**WHAT YOU WILL DO**
Copy down every line of the data that follows exactly. Omit the pictures.

**SOURCE MATERIAL**
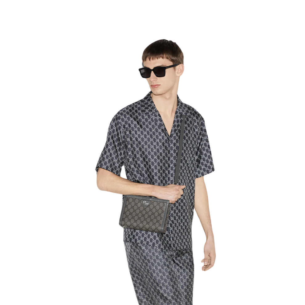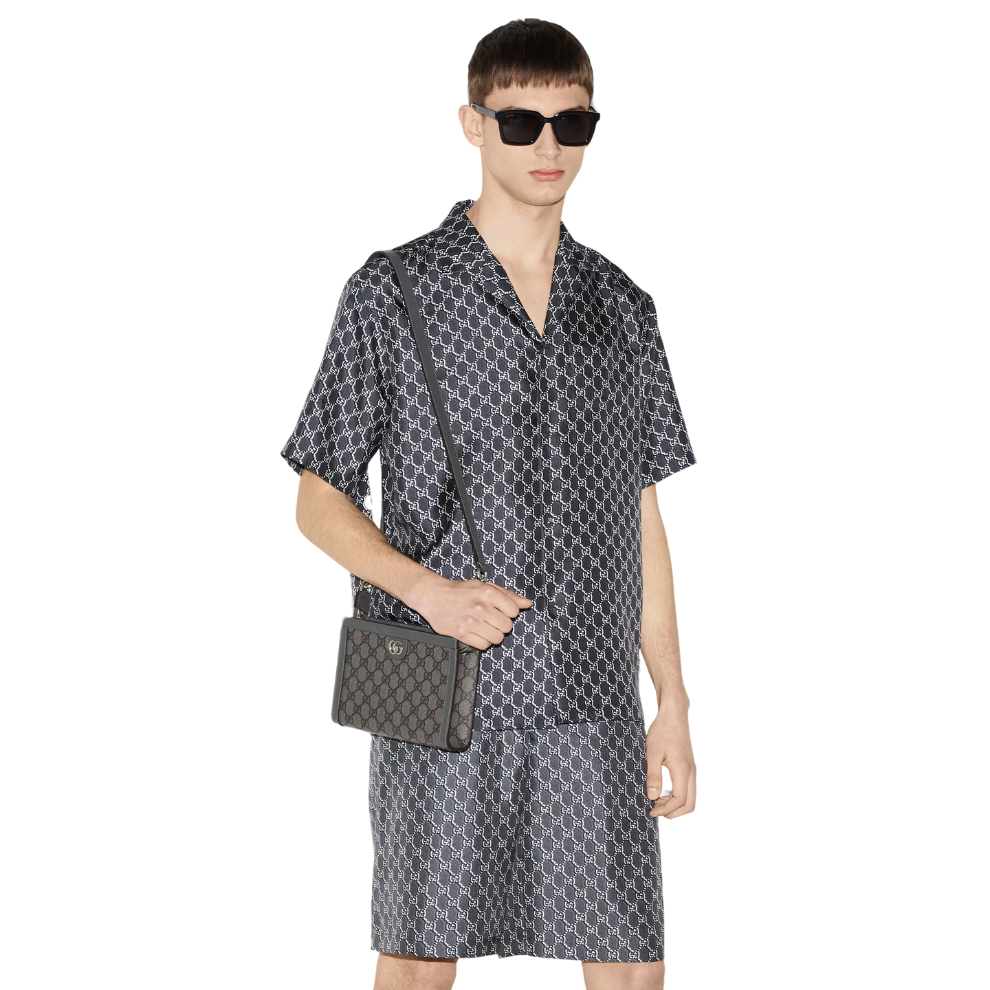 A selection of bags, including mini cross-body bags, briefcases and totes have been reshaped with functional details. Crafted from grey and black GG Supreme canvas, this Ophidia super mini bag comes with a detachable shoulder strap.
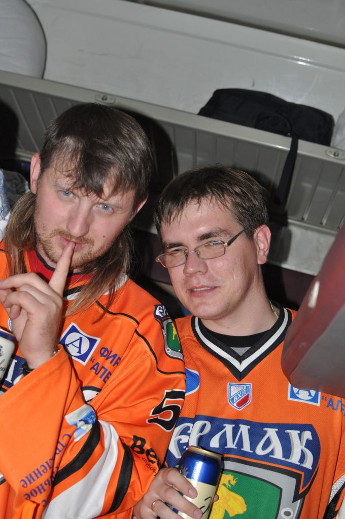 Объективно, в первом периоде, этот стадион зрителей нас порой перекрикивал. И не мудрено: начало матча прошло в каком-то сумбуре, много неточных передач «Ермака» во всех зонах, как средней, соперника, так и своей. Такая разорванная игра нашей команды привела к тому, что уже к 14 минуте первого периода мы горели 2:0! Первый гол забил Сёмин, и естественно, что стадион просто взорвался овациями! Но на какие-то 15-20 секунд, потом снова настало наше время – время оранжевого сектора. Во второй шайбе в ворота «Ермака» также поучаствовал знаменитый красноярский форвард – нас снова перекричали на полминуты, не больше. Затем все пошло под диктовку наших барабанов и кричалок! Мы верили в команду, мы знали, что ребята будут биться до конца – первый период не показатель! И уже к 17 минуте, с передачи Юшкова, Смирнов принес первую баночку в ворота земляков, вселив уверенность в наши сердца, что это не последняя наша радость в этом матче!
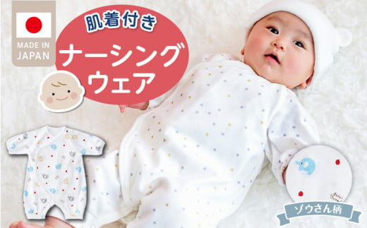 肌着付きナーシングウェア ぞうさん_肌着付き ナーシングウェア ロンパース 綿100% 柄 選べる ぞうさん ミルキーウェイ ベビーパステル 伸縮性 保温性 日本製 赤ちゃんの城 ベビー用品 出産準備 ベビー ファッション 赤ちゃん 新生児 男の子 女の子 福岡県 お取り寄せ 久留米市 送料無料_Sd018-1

**WRITTEN ANSWER**
 A selection of bags, including mini cross-body bags, briefcases and totes have been reshaped with functional details. Crafted from grey and black GG Supreme canvas, this Ophidia super mini bag comes with a detachable shoulder strap.
 Объективно, в первом периоде, этот стадион зрителей нас порой перекрикивал. И не мудрено: начало матча прошло в каком-то сумбуре, много неточных передач «Ермака» во всех зонах, как средней, соперника, так и своей. Такая разорванная игра нашей команды привела к тому, что уже к 14 минуте первого периода мы горели 2:0! Первый гол забил Сёмин, и естественно, что стадион просто взорвался овациями! Но на какие-то 15-20 секунд, потом снова настало наше время – время оранжевого сектора. Во второй шайбе в ворота «Ермака» также поучаствовал знаменитый красноярский форвард – нас снова перекричали на полминуты, не больше. Затем все пошло под диктовку наших барабанов и кричалок! Мы верили в команду, мы знали, что ребята будут биться до конца – первый период не показатель! И уже к 17 минуте, с передачи Юшкова, Смирнов принес первую баночку в ворота земляков, вселив уверенность в наши сердца, что это не последняя наша радость в этом матче!
 肌着付きナーシングウェア ぞうさん_肌着付き ナーシングウェア ロンパース 綿100% 柄 選べる ぞうさん ミルキーウェイ ベビーパステル 伸縮性 保温性 日本製 赤ちゃんの城 ベビー用品 出産準備 ベビー ファッション 赤ちゃん 新生児 男の子 女の子 福岡県 お取り寄せ 久留米市 送料無料_Sd018-1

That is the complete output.